Ultimately, answering this question requires objective data, or at least assumptions about such data, about the risk to visitors of acquiring COVID (and then also perhaps spreading it to others) and the risk of their already having COVID and spreading it within the hospital. This is information that I do not have. It also depends on the organization of the intensive care units and the potential for disruption visitors could create. I know that at our hospital at Columbia, operating rooms have been converted to intensive care units, so that in addition to the MICU, or medical intensive care unit, and SICU, or surgical intensive care unit, etc., we also now have an new beast called the ORICU, operating room intensive care unit. These do not necessarily have the same space and barriers that normal intensive care units have, and may have less room for extra people in them.
How could one use this information to make decisions here? Certainly, if wearing a simple mask is enough to prevent getting or spreading infection, then the danger to the visitor, the other patients, and to society at large is not a real issue, and is not a reason to forbid visitors. Of course, we do not know this to be the case, and so this danger must be considered. Given the degree of disruption to everything else that our assessment of the risk from COVID is causing, it is not unreasonable (though not necessary) to take a conservative approach here too. Note that the risk to the visitor is only part of the issue here, and so we cannot simply leave it up to them to take on the risk or not.

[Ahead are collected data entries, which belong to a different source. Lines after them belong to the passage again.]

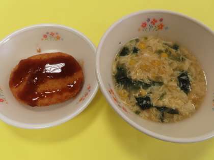 しっかり味がついていておいしかったです。コーンとたまごのスープはそれぞれの味をしっかり感じ取ることができました。コロッケは大豆の間食もなく普通のコロッケと間違えてしまいそうでした。ごちそうさまでした。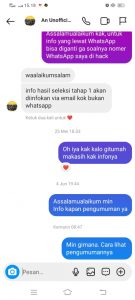 Akun IG laman resminya coba saya DM tapi tidak ada Jawaban dan penjelasan, bahkan sekarang ramai diserang oleh sejumlah peserta, jadi bukan hanya saya saja yang kecewa yang lainya juga sama.****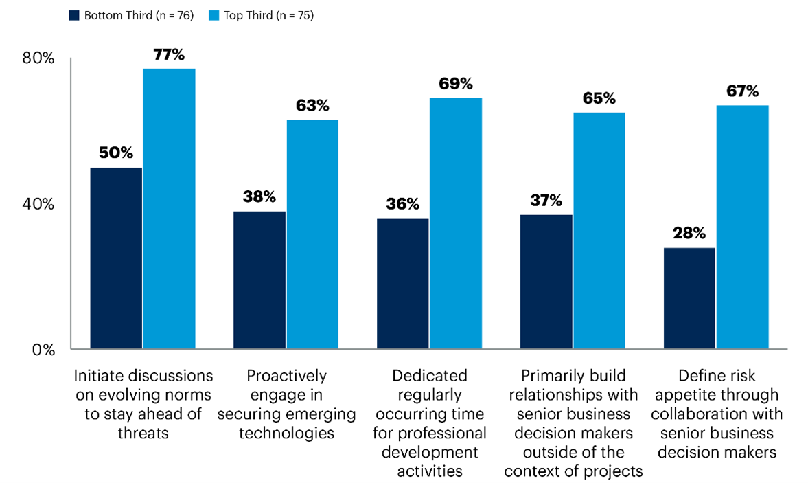 Het onderzoek identificeerde vijf belangrijke gedragingen die de best presterende CISO’s aanzienlijk onderscheiden van de slechtst presterende. Gemiddeld komt elk van deze gedragingen minstens anderhalf keer zo vaak voor bij toppresteerders als bij slechtst presterende bedrijven (zie figuur 1).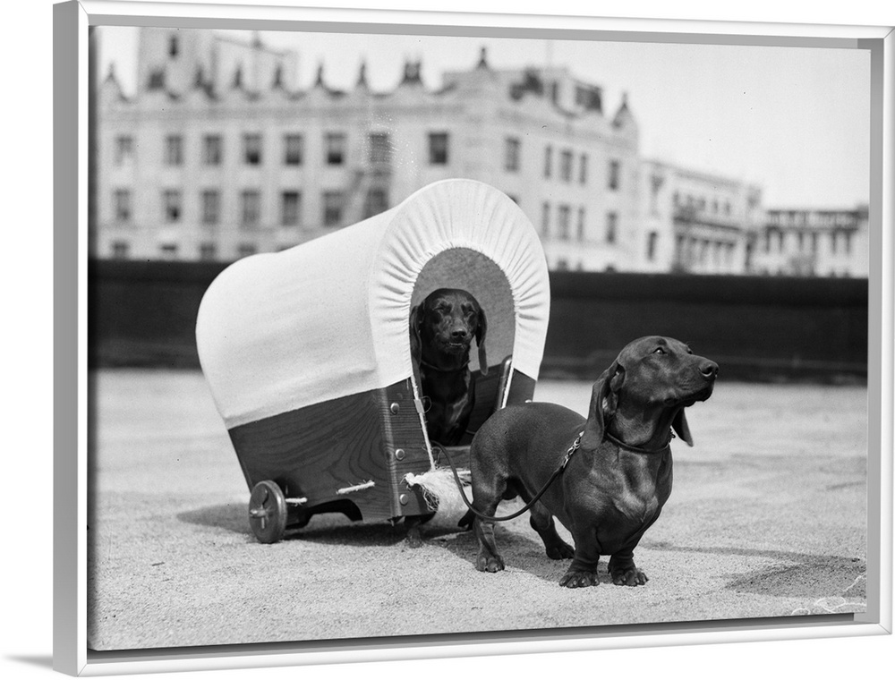 <p>1930s Two Dachshund Dogs One Pulling The Other In Small Covered Wagon.</p>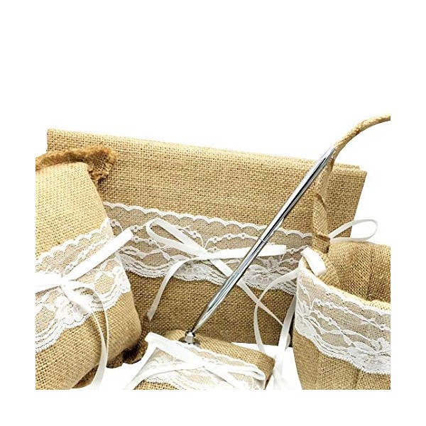 4Pcs/Set Burlap Wedding Guest Book + Pen Set +Flower Girl Basket + Ring Pillow (Burlap)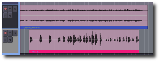 On change ensuite pour le curseur « pour sélectionner et déplacer des objets » afin d'avancer les deux pistes. La même opération est réalisée en fin de morceau (j'ai coupé plus rapidement la piste voix pour diminuer le souffle).

But even if the risk of virus transmission is small, the disruption to the intensive care units, and especially the makeshift ones, could be real. And I think that there is an argument to be made that if some intensive care units cannot have visitors, none should. At the very least having different policies for different units would lead to arbitrary distinctions between patients, and at the worst it could lead to placing patients in preferred intensive care units for nonmedical VIP (“Very Important Person”) reasons, which is certainly unjust.
Thus, I think that while keeping visitors away from dying patients is certainly a bad thing, it is not an absolute wrong, and may indeed be justified at times, perhaps even now. We broadly restrict rights during public health emergencies, and the right to visits is not stronger than others, and is perhaps weaker than some of the even more fundamental rights, such as engaging in religious worship and commerce, that life under COVID has, of necessity, interfered with. Nonetheless, if it is possible to have a safe, nuanced policy, with small numbers of visitors to those patients who would benefit from it, this is certainly desirable.
Any philosophical analysis of difficult human issues is in danger of losing the human, even when the analysis is rooted in the real world. Without pulling back from the somewhat difficult conclusions I have presented, I would like to pair them with a quotation from Rodrigo Marquez. Marquez is the son of the novelist Gabriel Garcia Marquez, author of Love in the Time of Cholera , and the quotations comes from a column he wrote as a “letter” to his late father, describing the pandemic to him. He says: “It’s not just death that frightens us, but the circumstances. A final exit without goodbyes, attended by strangers dressed as extraterrestrials, machines beeping heartlessly, surrounded by others in similar situations, but far from our people” (59).